The Art of Supplier Relationship Management (Part 2)

Hot Topic

Yesterday we published part 1 of an article from Paul Blake of GEP on our Hot Topic SRM. Here is part 2. For more interesting thinking on procurement, visit the GEP Knowledge Bank

Part 1 ended: "In fact, oversimplifying the measurement can lead to you assessing the wrong performance indicator entirely."

Some time ago I came across a situation where four suppliers were selling the same commodity to a large company in the financial sector. Each of the four suppliers received a nominal 25% of the business but was measured on its ability to deliver the boxed goods within a certain turnaround time from order to receipt. Any supplier missing the deadline was marked down and received a lower percentage of the orders in the following month. So far, so fair, one would think.

However, one of these suppliers was a specialist in its field, the other three more generalists, supplying other categories as well as the one in question. The Specialist was the only vendor who could supply more niche products within the category and thus their quarter of the business comprised a much higher proportion of "hard to source" items than their competitors. You can see where this is going, I suspect. The niche items were subject to longer, more variable lead times, causing that supplier to more frequently miss the delivery SLA. The result was a gradual reduction in the business put their way until they ended up receiving ONLY orders for the niche products. Ultimately that supplier withdrew from the arrangement entirely. The buying company had to then find another vendor for those items, a process that was difficult and costly.
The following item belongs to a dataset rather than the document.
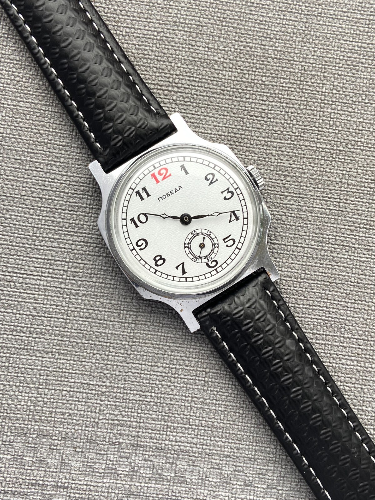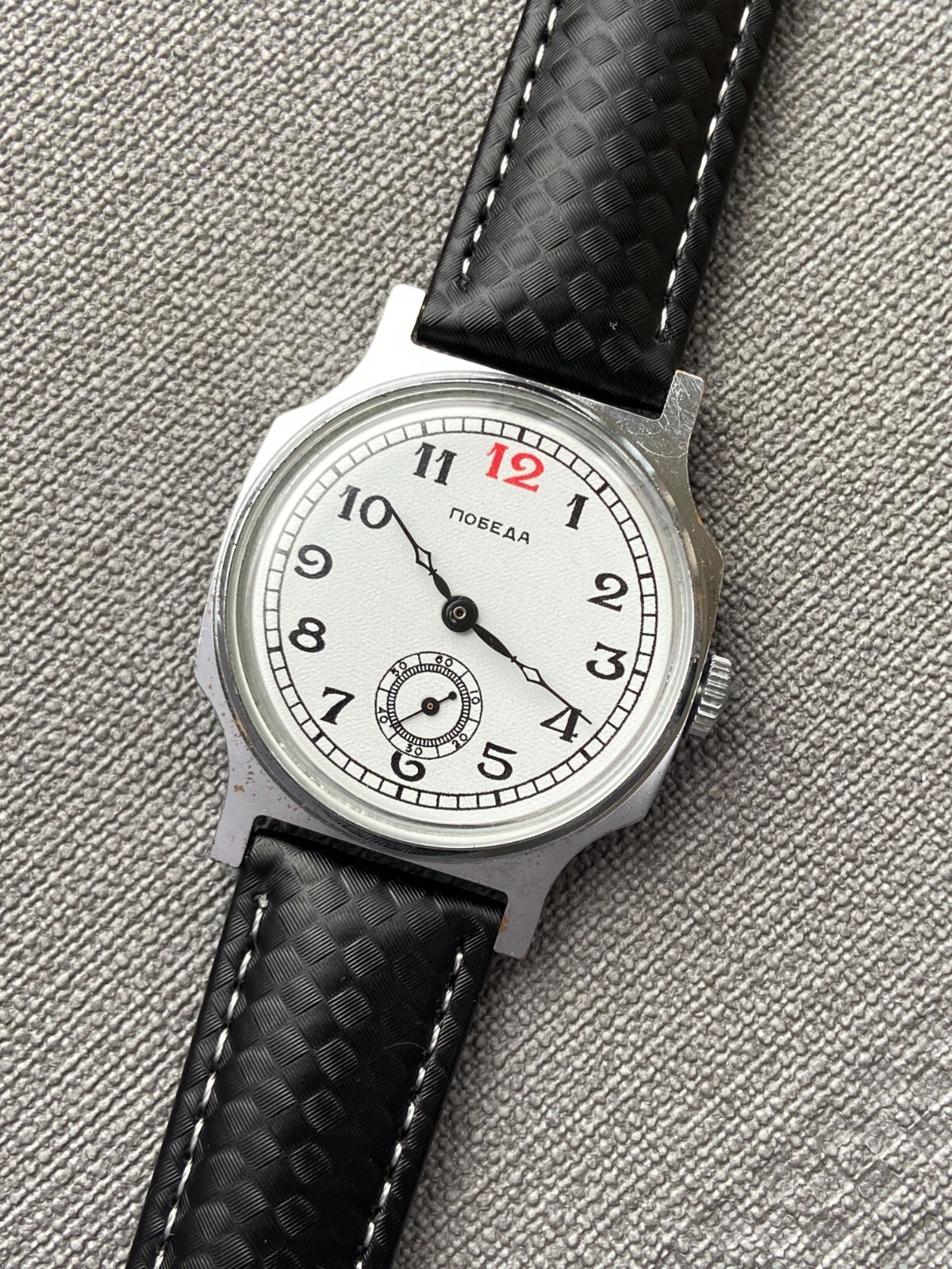Pobeda Vintage Mechanical Men's Wristwatch Great model of men's watch for gift ! Mechanism: 2602, side second hand, mechanical , hand -winding Number of jewels - 15 Size - case diameter : 34 mm without crown, with crown 37 mm. Lug (strap) width - 18 mm The watch has good cosmetic condition! The mechanism is fully functional , was served and keeps the correct time. All the details you can see in the pictures. See the pictures . All the pictures are actual. Also I can provide combined shipping for several of my items. If you have any question with delivery or about item, please let me know . Thank you. Dear customers, I send parcels by Ukrposhta worldwide from Ukraine without delay. The delivery time is now the same as before, regardless of the situation in my country. Despite the frequent lack of electricity due to shelling, all services are working at 100%. Therefore, please not worry when ordering in my store. All parcels have been delivered to customers I sell vintage watches from USSR period. The watches was served and restored. The vintage watches are still good accessories. Also broken watch parts for creative projects and jewelry making. All the proceeds from sales support my family and support the economy of Ukraine.

The company maintained that the system for assessing and maintaining supplier performance was straightforward, transparent and represented a level playing field but in reality it was anything but fair. The seemingly slight differences between the suppliers and how they operated led to a disproportionate gap in their performance scores. If the system of metrics excluded items that only one supplier could provide the share of business going to each would have been more equitable and stable.

Like a policy of economic control the rules of performance measurement, once set, can be perturbed by minor fluctuations. Keeping that in mind whilst determining a strategy for supplier relationships is important.

Fundamentally, the purpose of managing the relationship with your suppliers is to maximise the results, whether they be in terms of savings, efficiency, cost reduction and so on. Fitting a layer of strict empirical measurements on top of your dealings with each supplier may lead you to make the wrong assessment as to their value to your organisation and artificially report good performance as bad or vice versa.

Consequently, your supplier performance software needs to give you the latitude to craft specific combinations of hard metrics, softer qualitative assessments and to create plans of action that can be applied to the whole supplier base or targeted right down to an individual supplier level, if required. Software, by its very nature, is extremely good at permitting you to repeat the same tasks identically over and over, and to apply the same rules to many cases, but ensuring you can be flexible and allow for exceptions requires a practice of using the software in the right way.

So, the Art of supplier relationship management is in ensuring that the software can let you take into account the diversity within your supplier base, take advantage of your suppliers' strengths whilst giving you the freedom to act to improve things where needed. Yes, you want a clear view of how your suppliers are performing. However having a one-size-fits-all solution, with too hard and fast a set of KPIs and too scientific a methodology for performance analysis can lead to a distortion of that view.

By combining appropriate quantitative and qualitative measures, and by implementing action plans for improvements in a smart and collaborative fashion with your suppliers you can create a system that will help them help you.